Washington Family Court Domestic Abuse Survivors Call on Lawmakers to Vote YES on ESHB 1620 with the House Striker Amendment to Protect Themselves and Their Children from Further Abuse and Harm. The House Striker amend draws on best practices from NCJFCJ Model Code and the Keeping Children Safe From Family Violence Act, VAWA #KaydensLaw
There is no question WA custody laws need to improve. The question is should they improve as Judges want or as Survivors and abuse experts demand?
LISTEN TO SURVIVORS - WE KNOW BEST WHAT IS GOING WRONG IN #FAMILYCOURT!!
• Most Washington child custody cases are governed by the RCW 26.09.187 statute, but when there is domestic abuse, another section of the law comes into play: RCW 26.09.191 (or the 191 statute).

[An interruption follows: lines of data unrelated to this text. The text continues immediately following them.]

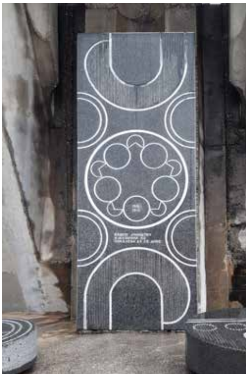
Spomenik Palim borcima pod Trebjesom - detalj

i horizontalno razvijenom postamentalnom podnožju.
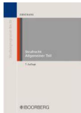
Strafrecht Allgemeiner Teil Ladenpreis: 26,70EUR
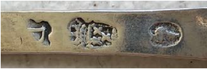
De keuren op de lepel, foto's van 5/7/19
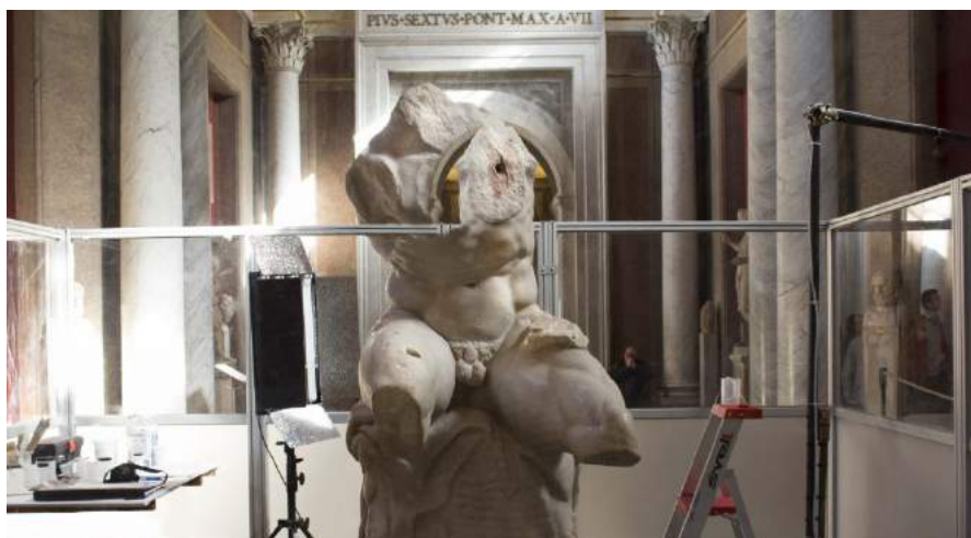
Louise Haugaard Jørgensen: Embryo Belvedere , 2016. Digital fotomanipulation, 49 x 26 centimeter.
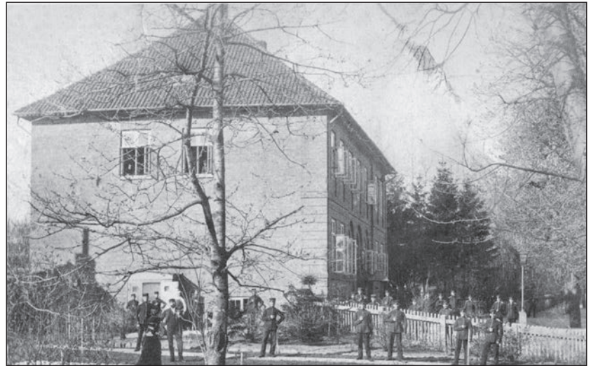
Die „Caserne“: 1851 werden Soldaten im Gebäude kaserniert.

Regierungspräsidenten des Fürstentums Lübeck. Im Revolutionsjahr 1848 wird seine Stellung unhaltbar. Er bittet um seine Entlassung, die mehrfach auf Volksversammlungen gefordert worden ist. Zudem ist er offenbar nicht bereit, nach Einführung der von ihm abgelehnten Verfassung weiterhin im Amt zu bleiben.
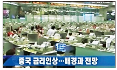
Хятадын мөнгөний хүүгийн өсөлт нь ямар учиртай вэ?
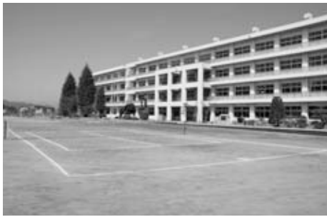
耐震補強された友部中学校

平成18年度から実施していた友部中学校の耐震補強が完了しました。市内小中学校8校に約100基のトイレを整備し、全ての小中学校に洋式トイレを設置しました。また、地域の発展のため岩間駅周辺整備事業に活用しました。

• The 191 statute contains abuse factors, as well as other ‘non-abuse’ factors. The ‘non-abuse’ factors are currently being used (especially by abusers) to downplay, discount and distract attention from the abuse and win custody time. The most problematic elements being misused are ‘emotional impairment’ and ‘abusive use of conflict.’
• ‘Emotional impairment’ does not even require a mental health diagnosis. It is a mushy, ill defined concept, allowing for all kinds of misuse and pathologization of protective parent abuse survivors suffering from trauma.
• ‘Abusive use of conflict’ has a nearly limitless definition that is used as an avenue for judicial bias to operate without being detected. Abusive use of conflict is also the primary tool used by abusive parents to silence the child’s valid repeated claims of abuse.
• Both these non-abuse factors are often used to justify giving custody to the abusive parent. ESHB1620 with the House striker amends these problematic elements so they cannot continue to be misused by courts and abusers.